Die Furcht vor den Amerikanern in Frankreich ist groß. Sollte der US-Konzern General Electric das französische Industrieunternehmen Alstom übernehmen, dann bestehe die Gefahr, "ein großes Entscheidungszentrum zu verlieren", hatte der französische Wirtschaftsminister Arnaud Montebourg im April gesagt. Diesem Szenario ist die Regierung nun mit einem Dekret zuvorgekommen, das ihr weitreichenden Einfluss einräumt ( PDF).

Frankreich kann nun die Übernahme von französischen Firmen in strategisch wichtigen Industrien wie Energie, Wasser, Telekommunikation oder Gesundheitswesen durch ausländische Unternehmen blockieren. Sollte ein Konzern Alstom übernehmen wollen, müsste nun der Wirtschaftsminister zustimmen. Es ist ein weiterer Eingriff in den Markt, mit dem die französische Regierung versucht, europäische Großkonzerne aufzubauen, frei von Einfluss aus Übersee.

Alstom prüft derzeit ein Übernahmeangebot des US-Konzerns General Electric, auch Siemens aus Deutschland hat Interesse an Alstom. Frankreichs Präsident François Hollande und Montebourg sehen eine Übernahme durch GE kritisch und befürchten Arbeitsplatzverluste in Frankreich. Siemens will die Alstom-Bücher bis Ende des Monats prüfen und dann über ein konkretes Angebot für Alstom entscheiden.

Das Dekret diene "dem Schutz strategischer Interessen Frankreichs", sagte Montebourg der Tageszeitung Le Monde. Die Entscheidung sei aus Gründen des "wirtschaftlichen Patriotismus" gefallen. Es ginge nicht in erster Linie um die Blockade von Übernahmen, sondern darum, Interessen zu sichern. Im Jahr 2005 hatte die Regierung schon einmal verschiedene Unternehmen benannt, die gesetzlich vor Übernahmen geschützt werden sollten. Damals wollte der US-Konzern Pepsi Danone übernehmen.

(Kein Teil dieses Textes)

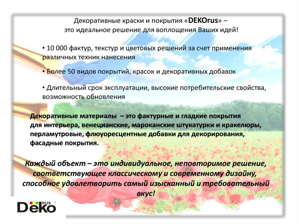 Декоративные краски и покрытия «DEKOrus» –это идеальное решение для воплощения Ваших идей!

Unstrittig ist das Vetorecht nicht: Es könne den freien Kapitalverkehr in Europa einschränken, sagte EU-Binnenmarktkommissar Michel Barnier. Die französische Regelung dürfe nicht dazu führen, dass alle Transaktionen zum Einstieg in eine Firma nationalen Behörden vorgelegt werden müssten. "Das wäre eindeutig Protektionismus." Er werde prüfen, ob das Dekret mit EU-Recht vereinbar sei, kündigte der französische EU-Kommissar an.